Line 5 is and always has been a matter of the “Canadian use of Michigan land for a Canadian purpose.”
The Dehn case matters today because Enbridge cites it frequently in Line 5 court proceedings; for them, it affirms the MPSC’s original declaration that the pipeline is in the public (that is, the state) interest. In its ruling last month upholding the MPSC decision, for example, the Court of Appeals relied heavily, if contradictorily, on the question of public need. Public need, the Court noted, is the first prong in the Commission’s so-called three-part test and “no party argues that the Commission’s adopted three-part ‘test’ of need, reasonableness of design and routing, and safety is unreasonable.”
This statement may be the only thing that the Appeals Court got right. For more than a decade, I’ve been squawking and hollering about this three-part framework. Cooked up long before recent Line 5 legal battles, it is as much a clever Enbridge invention designed to rig the game in its own favor as it is a sound standard of review or a mandate of Act 16. The test has also made it exceedingly difficult for Enbridge’s opponents to get a foothold in the MPSC proceedings and beyond. Interestingly, the Court here appears to identify a potential path not taken by appellants. Alas.
Which is really just to say that we’ve got a tough row to hoe with this latest round of appeals. Any argument to overturn the MPSC tunnel approval is going to be haunted by past bad decisions by both the Public Service Commission and the Michigan Supreme Court. Seventy years ago, the Dehn lawyers thought that tariffs might be the answer to the Line 5 problem. Ironically, some even think tariffs might be the answer (or the danger, depending on your view) now.

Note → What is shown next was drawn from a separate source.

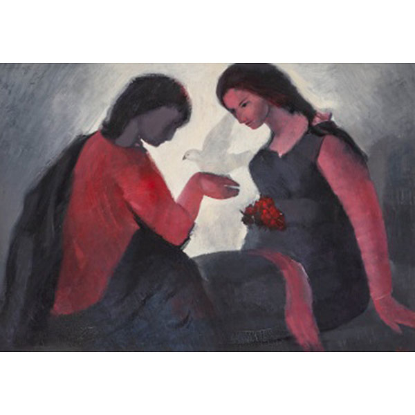 JOSÉ BARCELÓ ALBADALEJO (Cartagena, Murcia 1923 - Bilbao 2001) "Jóvenes con paloma" Firmado: José Barceló 81 Óleo / Lienzo
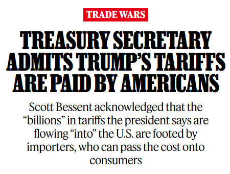 VERILY, Trump’s own Treasury Secretary just admitted that these tariffs are paid for by Americans, NOT China. Importers pass the cost to consumers, prices skyrocket, and suddenly even the basics are out of reach for most people.

But we probably shouldn’t pin our hopes on the incoherent and capricious policies of an incompetent administration run by sycophants, buffoons, and cartoon villains. The legal sphere is at least more stable. But that fact presents its own difficulties: courts and judges place tremendous weight on established rules and precedents, even when they’re rooted in bad decisions like the MPSC’s bad decisions in 1953 and 2013 and 2023 or the Michigan Supreme Court’s bad decision in 1954. To be sure, there are procedural cracks and fissures that our smart and dedicated lawyers are already working hard to exploit. But still, I worry that what we really need is an earthquake.